In F#. How to efficiently compare floats for equality that are almost equal? It should work for very large and very small values too. I am thinking of first comparing the Exponent and then the Significand (Mantissa) while ignoring the last 4 bits of the its 52 bits. Is that a good approach? How can I get the Exponent and Significand of a float?
An F# float is just a shorthand for System.Double. That being the case, you can use the BitConverter.DoubleToInt64Bits method to efficiently (and safely!) "cast" an F# float value to int64; this is useful because it avoids allocating a byte[], as John mentioned in his comment. You can get the exponent and significand from that int64 using some simple bitwise operations.
As John said though, you're probably better off with a simple check for relative accuracy. It's likely to be the fastest solution and "close enough" for many use cases (e.g., checking to see if an iterative solver has converged on a solution). If you need a specific amount of accuracy, take a look at NUnit's code -- it has some nice APIs for asserting that values are within a certain percentage or number of ulps of an expected value.

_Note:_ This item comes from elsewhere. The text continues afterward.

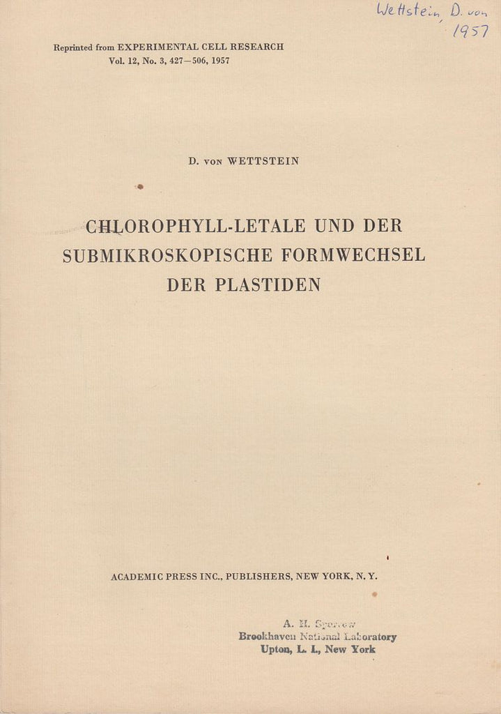 Very good condition. First edition. Offprint. Original wrappers. Name stamp of A.H. Sparrow on front cover. Experimental Cell Research, Vol. 12, No. 3, pp. 427-506, 1957. Science. Biology.* |

When you ask how to compare floating-point values that are almost equal, you are asking:
I have two values, x and y, that have been computed with floating-point arithmetic, so they contain rounding errors and are approximations of ideal mathematical values x and y. How can I use the floating-point x and y to compare the mathematical x and y for equality?

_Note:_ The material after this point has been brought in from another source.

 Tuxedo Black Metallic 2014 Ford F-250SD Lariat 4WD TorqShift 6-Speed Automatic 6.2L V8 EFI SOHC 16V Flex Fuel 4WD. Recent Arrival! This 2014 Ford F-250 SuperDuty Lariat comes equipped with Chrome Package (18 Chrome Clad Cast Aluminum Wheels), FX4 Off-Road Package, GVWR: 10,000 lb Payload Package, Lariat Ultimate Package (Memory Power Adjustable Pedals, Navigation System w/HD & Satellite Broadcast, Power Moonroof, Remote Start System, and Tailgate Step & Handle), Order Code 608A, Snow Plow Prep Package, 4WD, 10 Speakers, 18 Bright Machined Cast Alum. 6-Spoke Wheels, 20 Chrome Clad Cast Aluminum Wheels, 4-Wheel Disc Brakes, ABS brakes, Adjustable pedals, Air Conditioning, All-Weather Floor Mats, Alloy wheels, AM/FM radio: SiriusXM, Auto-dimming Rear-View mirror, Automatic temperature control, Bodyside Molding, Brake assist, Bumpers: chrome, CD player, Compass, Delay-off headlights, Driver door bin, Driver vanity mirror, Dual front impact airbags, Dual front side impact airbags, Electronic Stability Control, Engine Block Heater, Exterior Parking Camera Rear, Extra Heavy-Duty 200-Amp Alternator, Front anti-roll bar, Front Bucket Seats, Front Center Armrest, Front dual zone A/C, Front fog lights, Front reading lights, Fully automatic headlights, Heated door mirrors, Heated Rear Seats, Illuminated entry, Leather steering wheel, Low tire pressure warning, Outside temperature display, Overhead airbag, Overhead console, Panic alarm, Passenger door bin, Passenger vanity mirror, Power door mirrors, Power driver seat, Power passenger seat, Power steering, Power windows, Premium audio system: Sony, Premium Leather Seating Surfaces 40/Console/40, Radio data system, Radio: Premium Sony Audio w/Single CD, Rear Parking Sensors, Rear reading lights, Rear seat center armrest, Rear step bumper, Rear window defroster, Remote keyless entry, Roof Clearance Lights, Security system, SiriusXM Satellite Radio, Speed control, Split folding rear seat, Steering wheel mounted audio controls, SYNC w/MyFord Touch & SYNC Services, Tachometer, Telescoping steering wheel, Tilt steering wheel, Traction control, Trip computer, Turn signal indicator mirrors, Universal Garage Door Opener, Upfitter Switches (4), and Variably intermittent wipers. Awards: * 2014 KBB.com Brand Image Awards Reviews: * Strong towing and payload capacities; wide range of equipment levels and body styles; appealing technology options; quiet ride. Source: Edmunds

There are two problems here:
We do not know how much error there may be in x or y. Some combinations of arithmetic magnify errors, while others shrink them. It is possible for the errors in x and y to range from zero to infinity, and you have not given us any information about this.
It is often assumed that the goal is to produce a result of “equal” when x and y are unequal but close to each other. This converts false negatives (inequality would be reported even though the mathematical x and y would be equal) into positives. However, it creates false positives (equality is reported even though the mathematical x and y would be unequal).

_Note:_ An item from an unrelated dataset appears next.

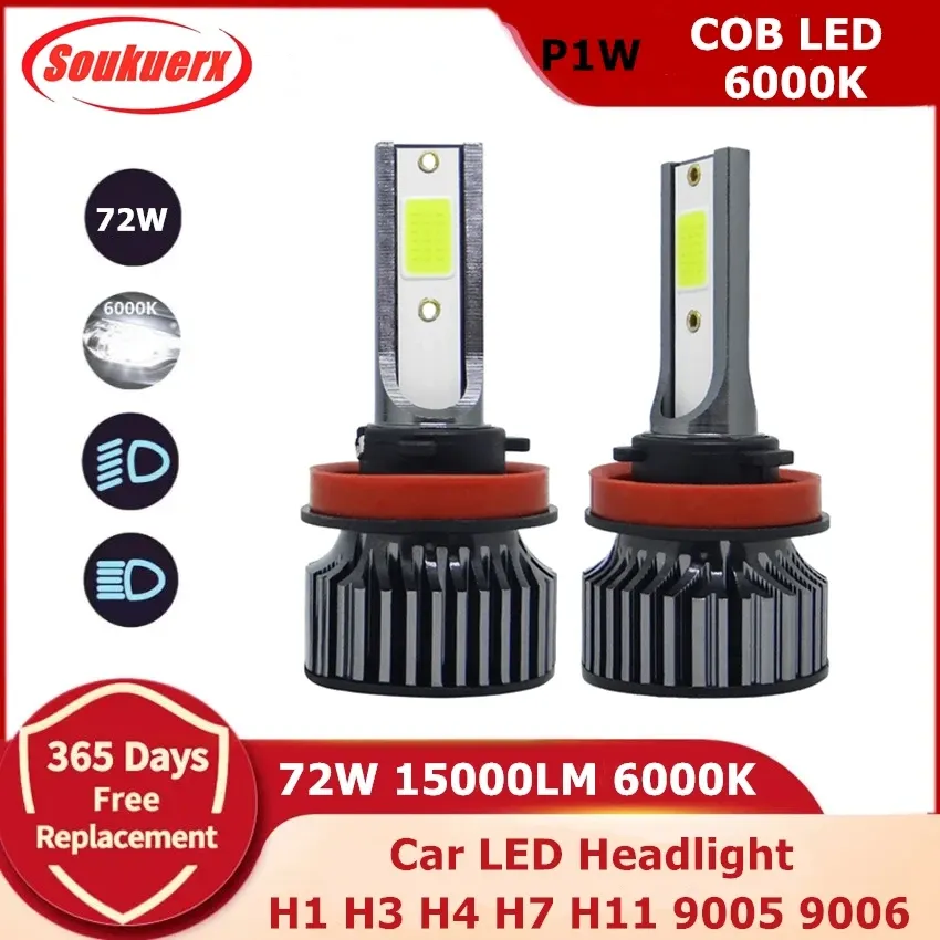 P1W H11 H7 9005 9006 Car LED Headlight Bulbs H4 Hi-Lo Beam 72W/Pair 15000LM 6000K HB3 HB4 Auto Headlamp Fog Lights

There is no general solution for these problems.
It is impossible to know in general whether an application can tolerate being told that values are equal when they should be unequal or vice-versa without knowing specific details about that application.
It is impossible to know in general how much error there may be in x and y.
Therefore, there is no correct general test for equality in values that have been computed appoximately.
Note that this problem is not really about testing for equality. Generally, it is impossible to compute any function of incorrect data (except for trivial functions such as constant functions). Since x and y contain errors, it is impossible to use x to compute log(x) without errors, or to compute arcosine(y) or sqrt(x) without errors. In fact, if the errors have made y slightly greater than 1 while y is not or made x slightly less than zero while x is not, then computing acos(y) or sqrt(x) will produce exceptions and NaNs even though the ideal mathematical values would work without problem.
What this all means is that you cannot simply convert exact mathematical arithmetic to approximate floating-point arithmetic and expect to get a good result (whether you are testing for equality or not). You must consider the effects of converting exact arithmetic to approximate arithmetic and evaluate how they affect your program and your data. The use of floating-point arithmetic, including comparisons for equality, must be tailored to individual situations.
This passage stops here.